_Task directions_
Without any pictures, retype exactly the lines that begin at the one holding "細い讃が美しいオリジナルの建具が映えるリビング。" and end at the last line of the data below.

_Given data_
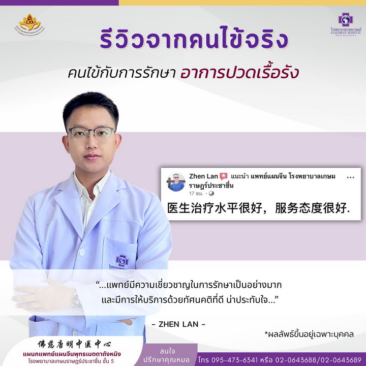 รพ.เกษมราษฏร์ มีความเพียบพร้อมด้วยบุคคลากรทางการแพทย์ และสมุนไพรจีนพร้อมดูแลผู้ป่วยระยะแรกเริ่มจนถึงโรคเรื้อรังด้วยศาสตร์การแพทย์แผนจีน อาทิ เช่น ฝังเข็ม ครอบแก้ว นวดทุยหนา กวาซา สมุนไพรจีน โดยแพทย์จะเลือกใช้วิธีรักษาตามความเหมาะสมของโรค ไม่เพียงแต่ให้แค่การรักษาเท่านั้น เรายังเน้นให้ผู้ป่วยปรับพฤติกรรมการใช้ชีวิตเพื่อช่วยเพิ่มประสิทธิภาพของผลการรักษาให้ดียิ่งขึ้น
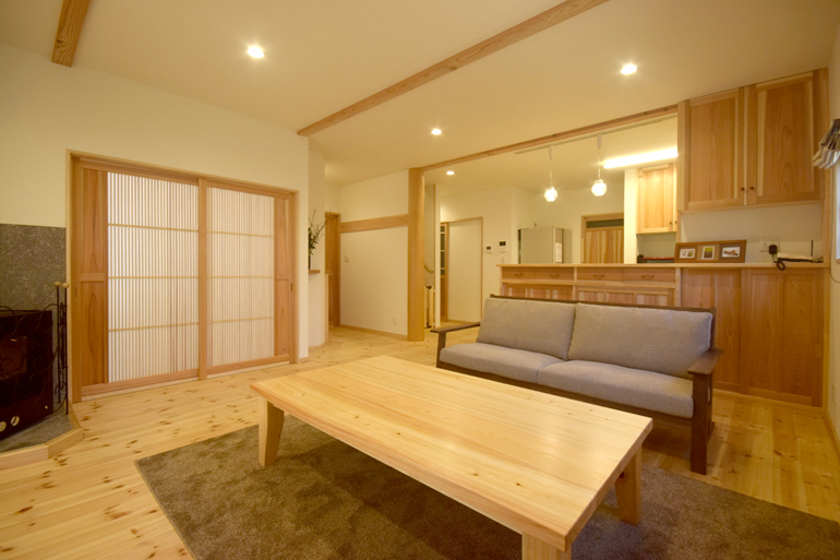 細い讃が美しいオリジナルの建具が映えるリビング。
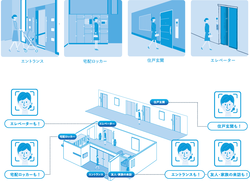 エントランスや宅配ロッカー、玄関の鍵、エレベーターを顔パスで快適にスマートに。
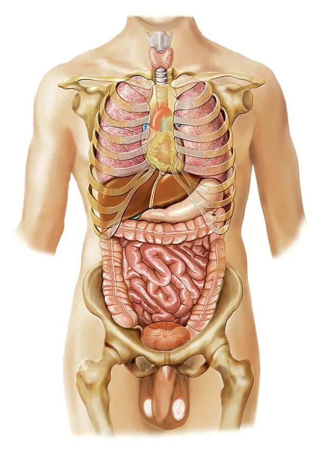 Анатомия внутренних органов с ребрами.

_Exercise solution_
 細い讃が美しいオリジナルの建具が映えるリビング。
 エントランスや宅配ロッカー、玄関の鍵、エレベーターを顔パスで快適にスマートに。
 Анатомия внутренних органов с ребрами.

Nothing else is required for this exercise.